What to work on
All of the data that follows should be retyped exactly, please, except the pictures.

Input data
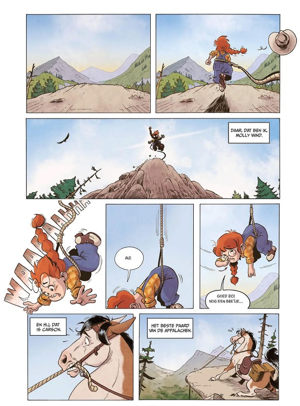 Dan neemt Molly een beslissing: ze stapt zélf in het zadel, samen met Carson. Ze neemt de boeken mee de bergen in, om haar zus te vervangen, haar familie te helpen én hun geliefde paard te redden. Onderweg wacht haar een tocht vol gevaar, humor, onverwachte ontmoetingen en kleine heldendaden — precies zoals in de avonturenboeken die ze zo graag leest.
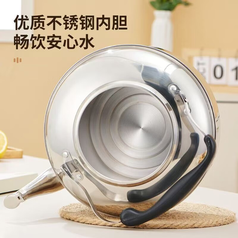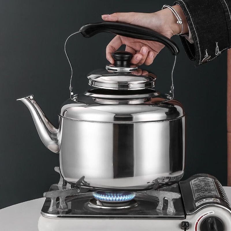 Stainless steel whistling kettle, whistling kettle, large capacity kettle, household gas induction cooker, coal-burning stove, general purpose, holds about 7.2 catties of water, comes with cleaning cloth + descaling agent 4L
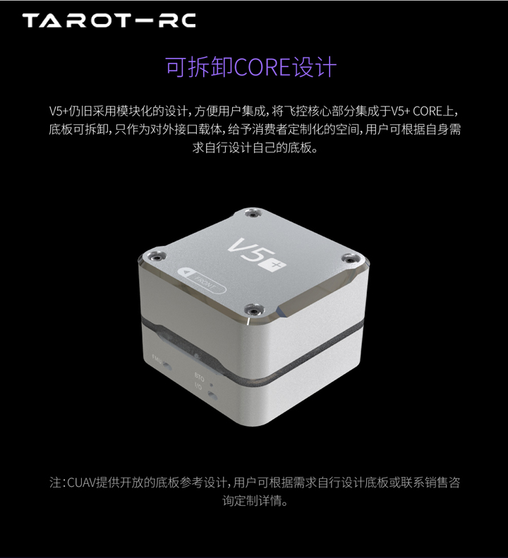 雷迅/CUAV公司出品的V5+飞控,是CUAV与PX4团队共同设计并由CUAV制造的高级自动驾驶仪。它基于Pixhawk FMUv5设计标准,并且完美兼容PX4 和 ArduPilot固件。

Exercise result
 Dan neemt Molly een beslissing: ze stapt zélf in het zadel, samen met Carson. Ze neemt de boeken mee de bergen in, om haar zus te vervangen, haar familie te helpen én hun geliefde paard te redden. Onderweg wacht haar een tocht vol gevaar, humor, onverwachte ontmoetingen en kleine heldendaden — precies zoals in de avonturenboeken die ze zo graag leest.
 Stainless steel whistling kettle, whistling kettle, large capacity kettle, household gas induction cooker, coal-burning stove, general purpose, holds about 7.2 catties of water, comes with cleaning cloth + descaling agent 4L
 雷迅/CUAV公司出品的V5+飞控,是CUAV与PX4团队共同设计并由CUAV制造的高级自动驾驶仪。它基于Pixhawk FMUv5设计标准,并且完美兼容PX4 和 ArduPilot固件。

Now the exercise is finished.